#### Supplied data

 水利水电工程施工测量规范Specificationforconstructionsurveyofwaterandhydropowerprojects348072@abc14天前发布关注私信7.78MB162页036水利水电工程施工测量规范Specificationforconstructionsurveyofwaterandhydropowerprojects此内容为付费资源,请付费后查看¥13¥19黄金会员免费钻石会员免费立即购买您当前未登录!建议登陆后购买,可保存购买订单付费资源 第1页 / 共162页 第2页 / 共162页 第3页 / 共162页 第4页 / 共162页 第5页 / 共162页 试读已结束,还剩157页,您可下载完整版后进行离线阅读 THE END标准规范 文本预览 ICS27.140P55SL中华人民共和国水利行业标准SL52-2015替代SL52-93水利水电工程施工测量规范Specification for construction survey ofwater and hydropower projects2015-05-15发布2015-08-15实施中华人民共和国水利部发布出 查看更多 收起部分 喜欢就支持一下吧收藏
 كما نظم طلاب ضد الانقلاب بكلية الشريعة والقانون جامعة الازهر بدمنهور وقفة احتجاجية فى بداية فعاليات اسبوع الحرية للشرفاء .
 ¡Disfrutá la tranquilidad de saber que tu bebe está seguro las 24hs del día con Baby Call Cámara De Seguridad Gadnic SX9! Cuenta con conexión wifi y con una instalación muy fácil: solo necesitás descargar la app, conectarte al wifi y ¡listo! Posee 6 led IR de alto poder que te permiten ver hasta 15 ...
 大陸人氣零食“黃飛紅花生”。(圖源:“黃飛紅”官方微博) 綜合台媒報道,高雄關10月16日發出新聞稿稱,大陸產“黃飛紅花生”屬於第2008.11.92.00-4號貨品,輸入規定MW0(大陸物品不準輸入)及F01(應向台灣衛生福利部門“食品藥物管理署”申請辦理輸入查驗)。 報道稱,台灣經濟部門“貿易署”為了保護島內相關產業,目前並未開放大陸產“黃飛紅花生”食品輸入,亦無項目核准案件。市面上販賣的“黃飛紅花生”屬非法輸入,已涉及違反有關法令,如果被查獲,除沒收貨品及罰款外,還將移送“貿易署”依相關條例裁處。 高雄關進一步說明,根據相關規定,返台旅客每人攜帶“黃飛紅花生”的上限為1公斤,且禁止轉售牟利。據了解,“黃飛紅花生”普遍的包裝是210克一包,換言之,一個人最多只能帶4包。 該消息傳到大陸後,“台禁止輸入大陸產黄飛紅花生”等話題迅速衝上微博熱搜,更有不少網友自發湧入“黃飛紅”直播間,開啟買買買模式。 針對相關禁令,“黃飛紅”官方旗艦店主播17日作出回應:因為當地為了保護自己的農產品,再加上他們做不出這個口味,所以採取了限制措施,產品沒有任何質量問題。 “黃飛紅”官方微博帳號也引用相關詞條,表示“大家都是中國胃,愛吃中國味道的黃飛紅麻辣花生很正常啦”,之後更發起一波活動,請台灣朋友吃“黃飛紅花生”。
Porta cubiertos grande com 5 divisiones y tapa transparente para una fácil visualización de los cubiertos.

==

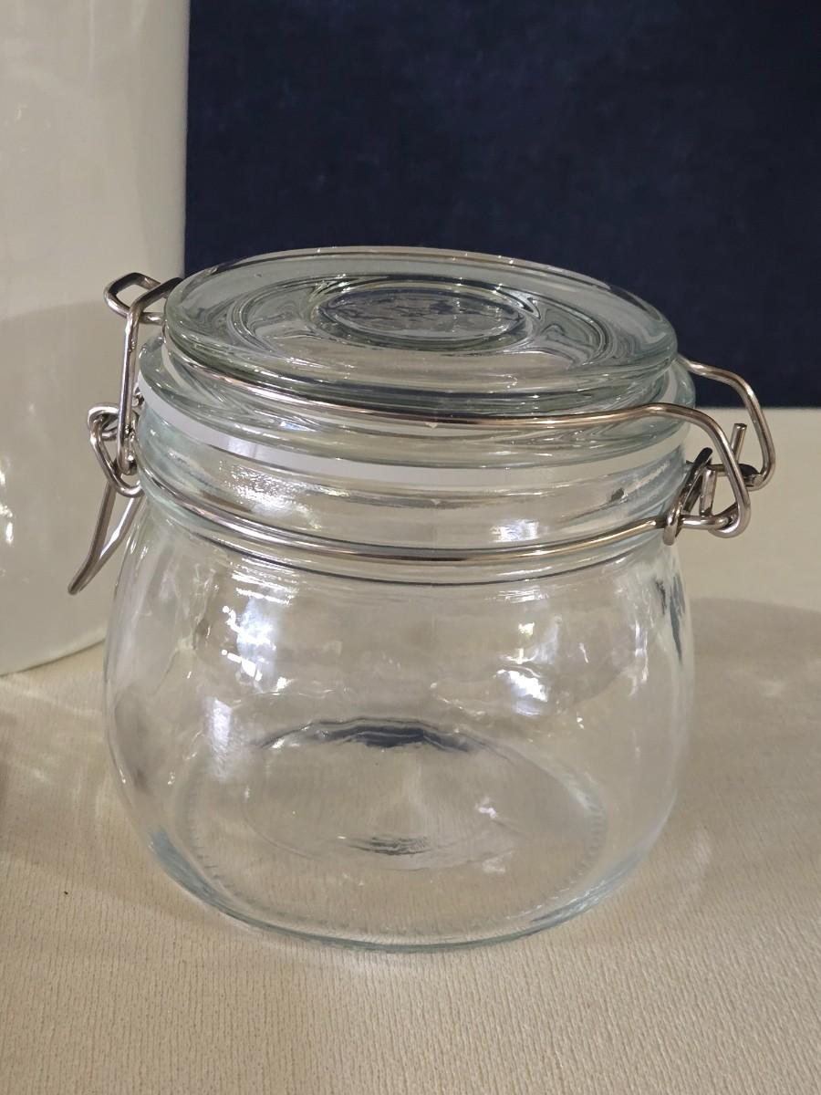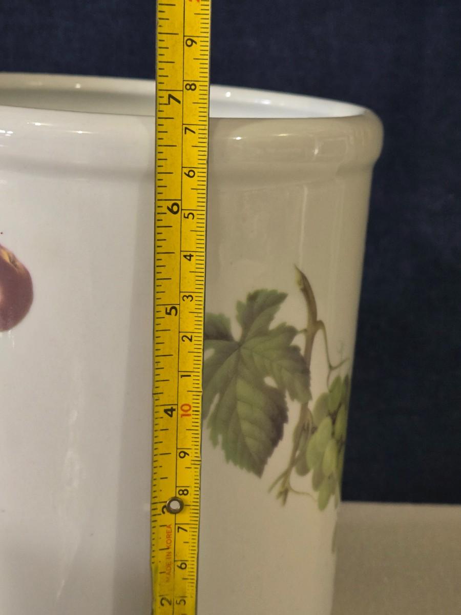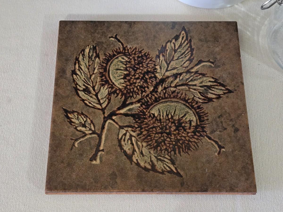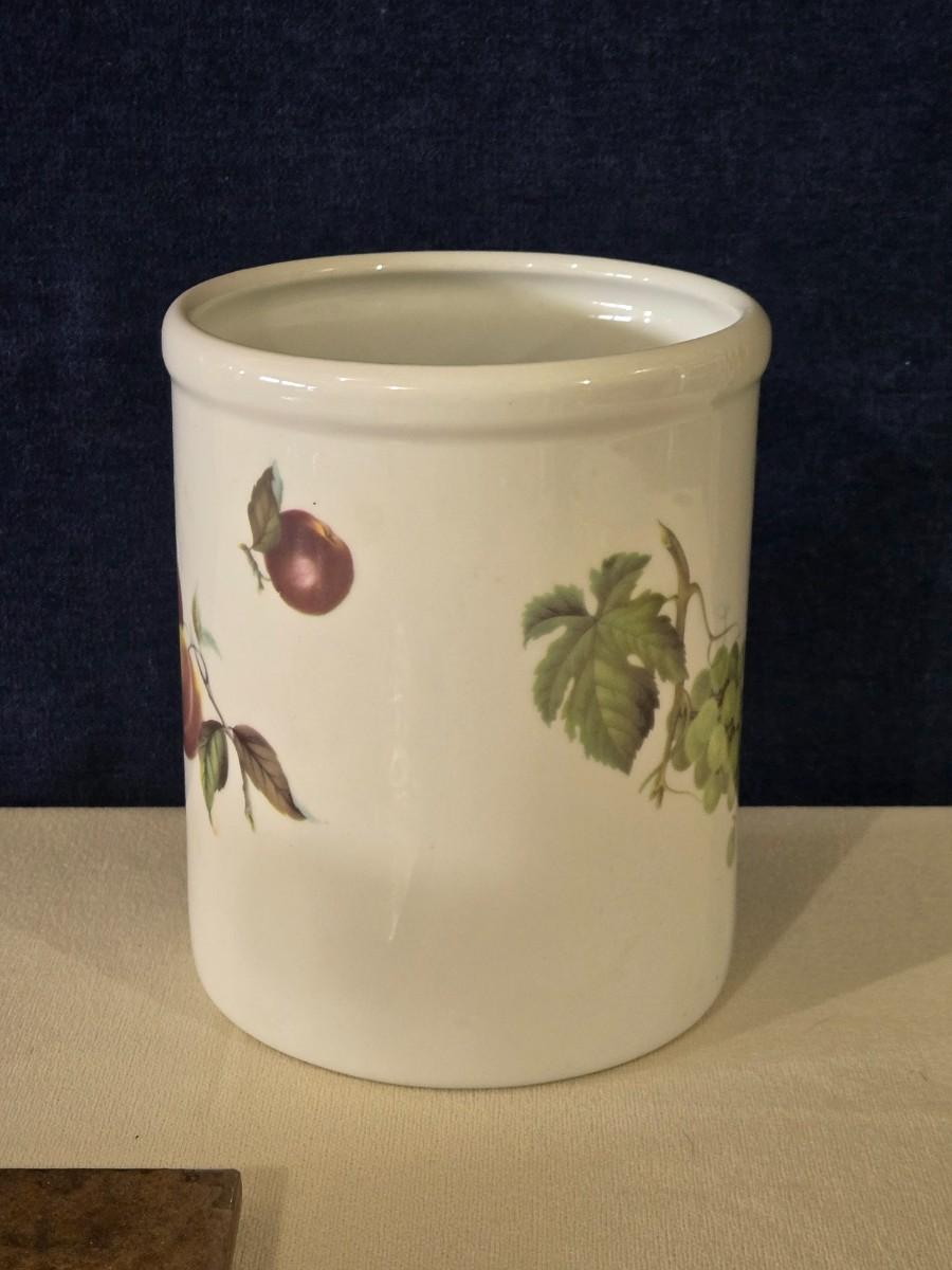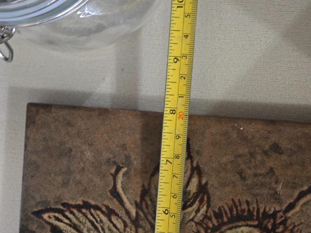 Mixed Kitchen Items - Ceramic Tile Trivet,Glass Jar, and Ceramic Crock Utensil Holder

==

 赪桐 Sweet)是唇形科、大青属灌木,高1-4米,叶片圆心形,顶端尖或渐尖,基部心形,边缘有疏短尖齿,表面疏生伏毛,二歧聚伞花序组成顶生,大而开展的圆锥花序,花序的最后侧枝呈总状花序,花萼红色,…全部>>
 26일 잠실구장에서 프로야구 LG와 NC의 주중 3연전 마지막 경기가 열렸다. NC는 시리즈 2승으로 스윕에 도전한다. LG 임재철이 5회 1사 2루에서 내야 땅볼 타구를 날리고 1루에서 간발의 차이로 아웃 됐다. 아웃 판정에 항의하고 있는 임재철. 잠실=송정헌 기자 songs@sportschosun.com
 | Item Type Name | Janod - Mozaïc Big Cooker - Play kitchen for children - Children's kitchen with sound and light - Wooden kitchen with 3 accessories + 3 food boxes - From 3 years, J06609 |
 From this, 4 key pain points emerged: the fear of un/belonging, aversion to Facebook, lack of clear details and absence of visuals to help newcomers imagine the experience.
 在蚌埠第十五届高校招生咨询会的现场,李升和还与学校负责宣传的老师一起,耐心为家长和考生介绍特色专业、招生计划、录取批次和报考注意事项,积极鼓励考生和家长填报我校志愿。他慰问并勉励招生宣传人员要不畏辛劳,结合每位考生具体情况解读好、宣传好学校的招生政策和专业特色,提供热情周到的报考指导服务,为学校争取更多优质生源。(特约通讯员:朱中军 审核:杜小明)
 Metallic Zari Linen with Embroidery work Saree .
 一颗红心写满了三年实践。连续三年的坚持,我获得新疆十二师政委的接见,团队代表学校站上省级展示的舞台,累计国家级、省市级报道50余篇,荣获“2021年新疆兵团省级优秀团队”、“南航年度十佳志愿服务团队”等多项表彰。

#### Exercise prompt
Return, from the material above, each line holding the string "fácil".

#### Task solution
 ¡Disfrutá la tranquilidad de saber que tu bebe está seguro las 24hs del día con Baby Call Cámara De Seguridad Gadnic SX9! Cuenta con conexión wifi y con una instalación muy fácil: solo necesitás descargar la app, conectarte al wifi y ¡listo! Posee 6 led IR de alto poder que te permiten ver hasta 15 ...
Porta cubiertos grande com 5 divisiones y tapa transparente para una fácil visualización de los cubiertos.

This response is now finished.